Instructions to follow: Print each record exactly as it appears, but drop the images.
Segment Start: Material to process
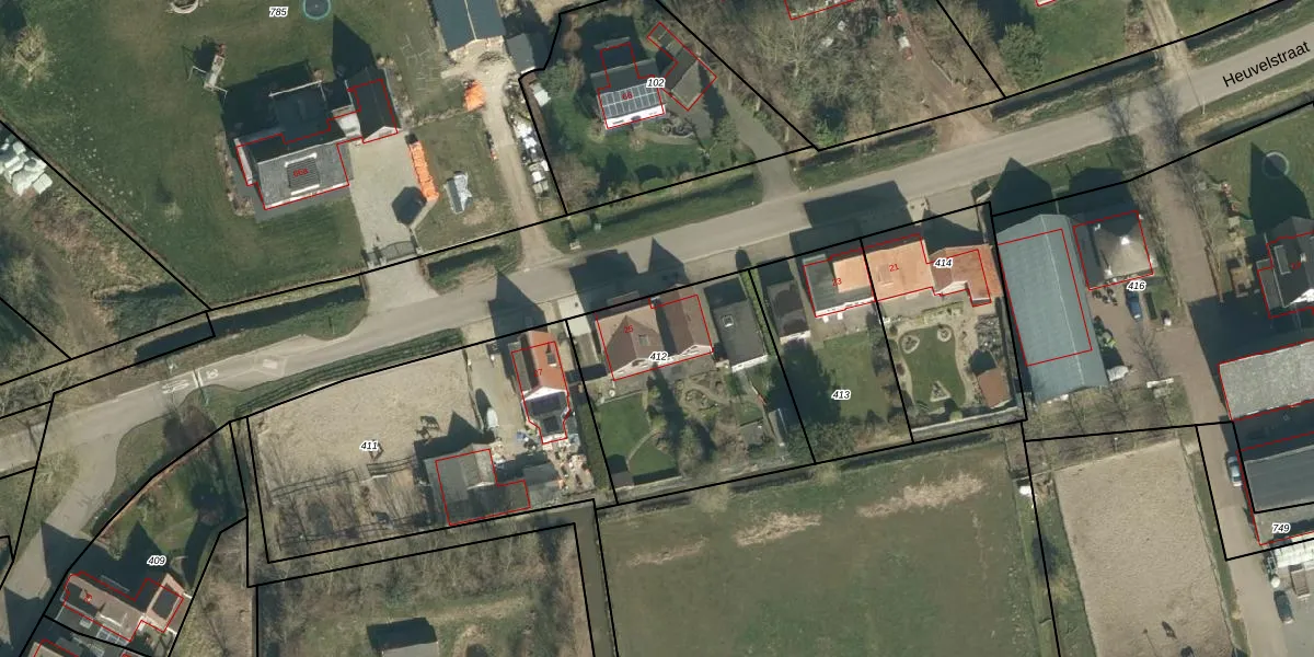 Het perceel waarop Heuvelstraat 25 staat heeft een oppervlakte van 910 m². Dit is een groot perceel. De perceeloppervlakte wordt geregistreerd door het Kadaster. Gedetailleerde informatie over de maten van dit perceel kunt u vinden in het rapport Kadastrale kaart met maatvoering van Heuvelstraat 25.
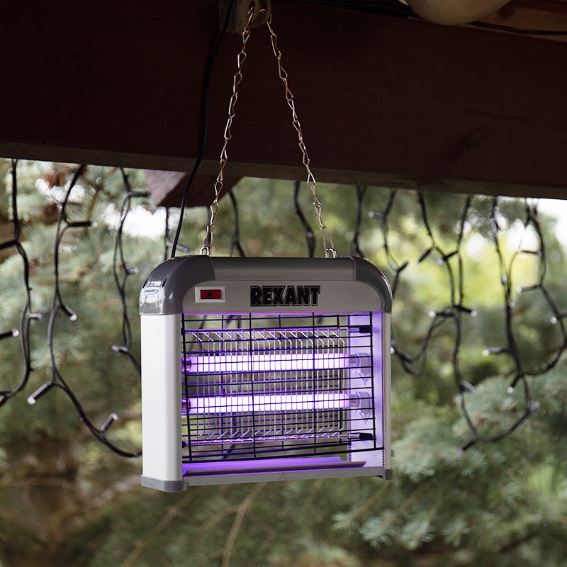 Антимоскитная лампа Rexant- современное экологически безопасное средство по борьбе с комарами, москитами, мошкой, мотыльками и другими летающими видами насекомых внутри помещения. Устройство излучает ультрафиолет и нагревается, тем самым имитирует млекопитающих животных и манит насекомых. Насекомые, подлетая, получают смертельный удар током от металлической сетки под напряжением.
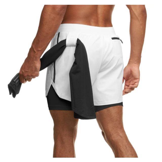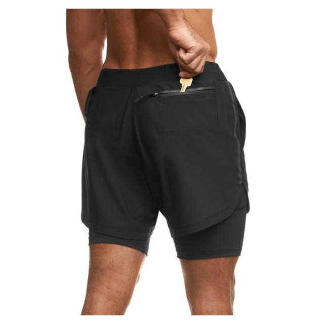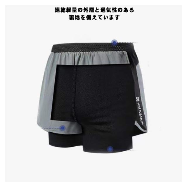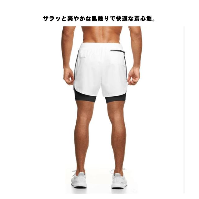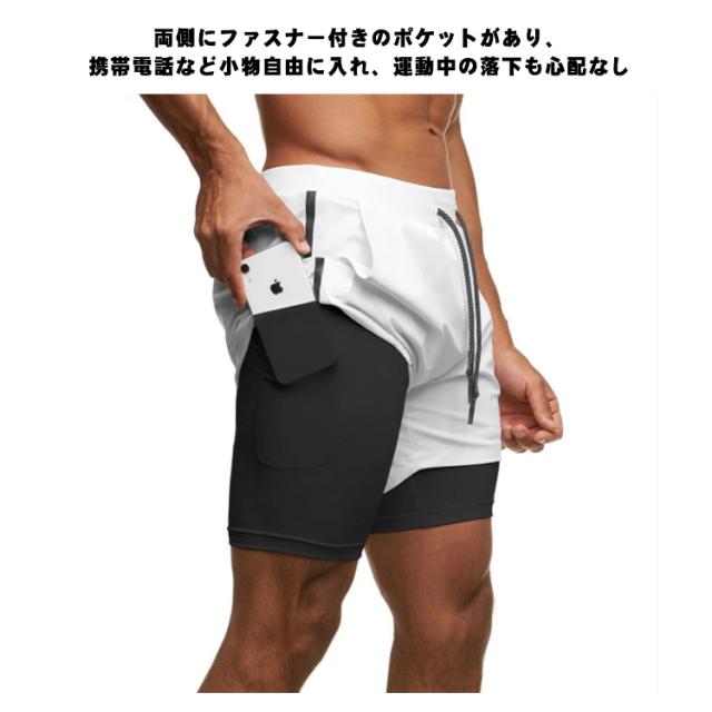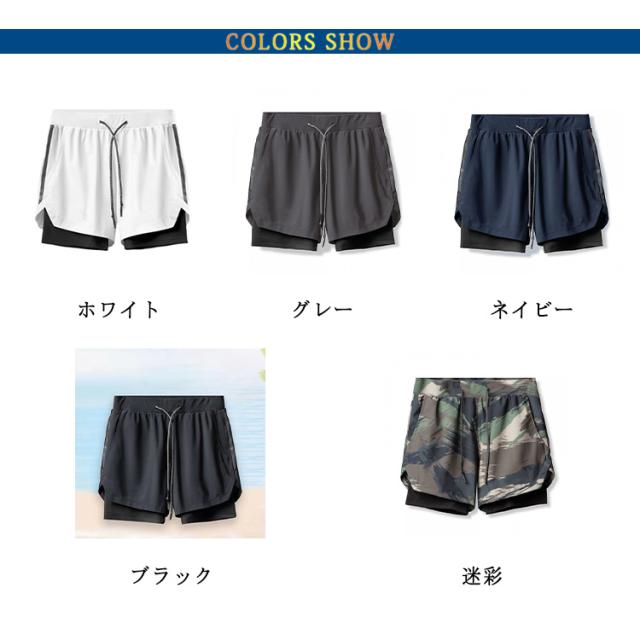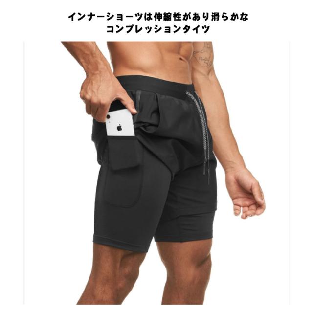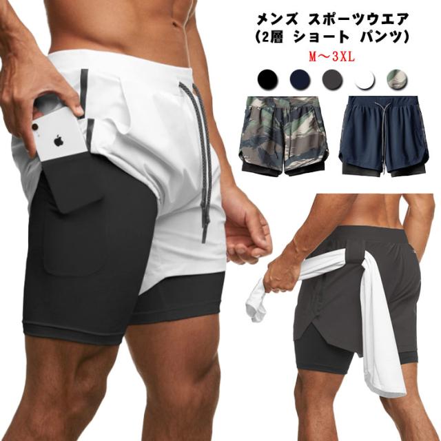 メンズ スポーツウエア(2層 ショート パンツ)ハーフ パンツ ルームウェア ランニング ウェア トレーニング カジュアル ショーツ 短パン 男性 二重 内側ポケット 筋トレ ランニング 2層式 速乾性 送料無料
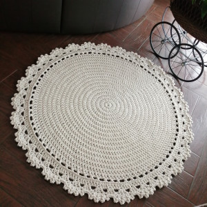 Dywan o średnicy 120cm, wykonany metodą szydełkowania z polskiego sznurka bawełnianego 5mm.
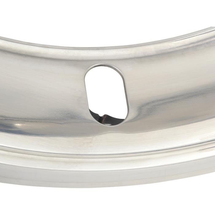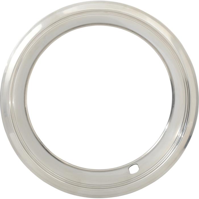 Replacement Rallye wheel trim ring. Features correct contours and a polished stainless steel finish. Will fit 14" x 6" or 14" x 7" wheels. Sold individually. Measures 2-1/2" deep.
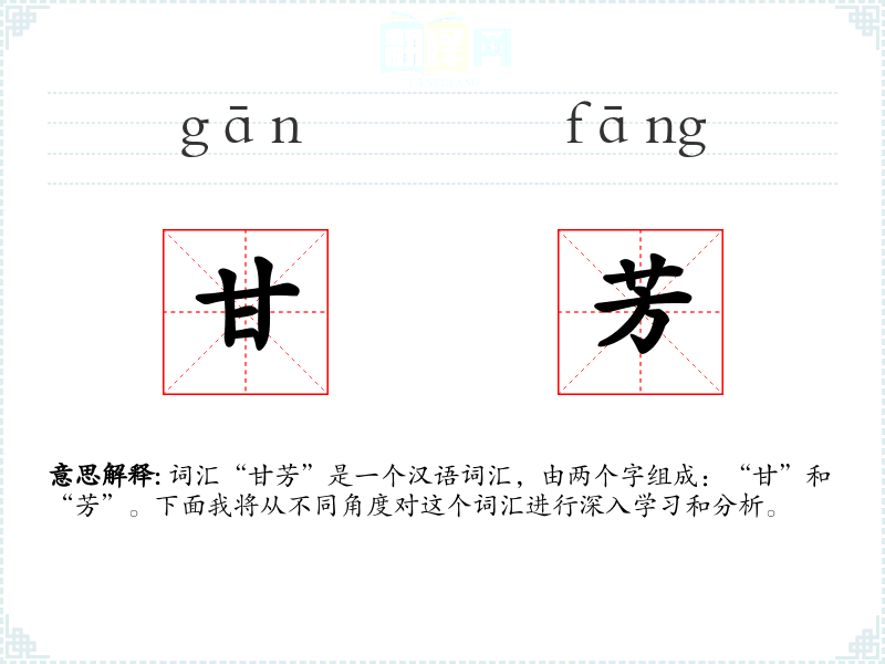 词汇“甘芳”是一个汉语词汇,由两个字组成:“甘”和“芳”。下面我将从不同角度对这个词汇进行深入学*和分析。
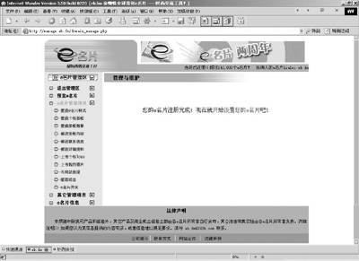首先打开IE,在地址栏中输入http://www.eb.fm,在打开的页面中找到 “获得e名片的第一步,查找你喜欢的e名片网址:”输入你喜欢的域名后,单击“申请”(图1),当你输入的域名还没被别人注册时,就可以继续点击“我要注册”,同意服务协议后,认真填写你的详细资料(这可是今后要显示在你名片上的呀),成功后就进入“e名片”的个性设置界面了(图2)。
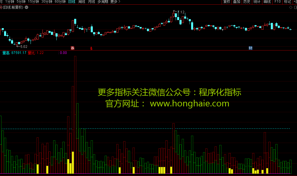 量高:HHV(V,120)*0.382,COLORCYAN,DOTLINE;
Segment End: Material to process
Task solution:
 Het perceel waarop Heuvelstraat 25 staat heeft een oppervlakte van 910 m². Dit is een groot perceel. De perceeloppervlakte wordt geregistreerd door het Kadaster. Gedetailleerde informatie over de maten van dit perceel kunt u vinden in het rapport Kadastrale kaart met maatvoering van Heuvelstraat 25.
 Антимоскитная лампа Rexant- современное экологически безопасное средство по борьбе с комарами, москитами, мошкой, мотыльками и другими летающими видами насекомых внутри помещения. Устройство излучает ультрафиолет и нагревается, тем самым имитирует млекопитающих животных и манит насекомых. Насекомые, подлетая, получают смертельный удар током от металлической сетки под напряжением.
 メンズ スポーツウエア(2層 ショート パンツ)ハーフ パンツ ルームウェア ランニング ウェア トレーニング カジュアル ショーツ 短パン 男性 二重 内側ポケット 筋トレ ランニング 2層式 速乾性 送料無料
 Dywan o średnicy 120cm, wykonany metodą szydełkowania z polskiego sznurka bawełnianego 5mm.
 Replacement Rallye wheel trim ring. Features correct contours and a polished stainless steel finish. Will fit 14" x 6" or 14" x 7" wheels. Sold individually. Measures 2-1/2" deep.
 词汇“甘芳”是一个汉语词汇,由两个字组成:“甘”和“芳”。下面我将从不同角度对这个词汇进行深入学*和分析。
首先打开IE,在地址栏中输入http://www.eb.fm,在打开的页面中找到 “获得e名片的第一步,查找你喜欢的e名片网址:”输入你喜欢的域名后,单击“申请”(图1),当你输入的域名还没被别人注册时,就可以继续点击“我要注册”,同意服务协议后,认真填写你的详细资料(这可是今后要显示在你名片上的呀),成功后就进入“e名片”的个性设置界面了(图2)。
 量高:HHV(V,120)*0.382,COLORCYAN,DOTLINE;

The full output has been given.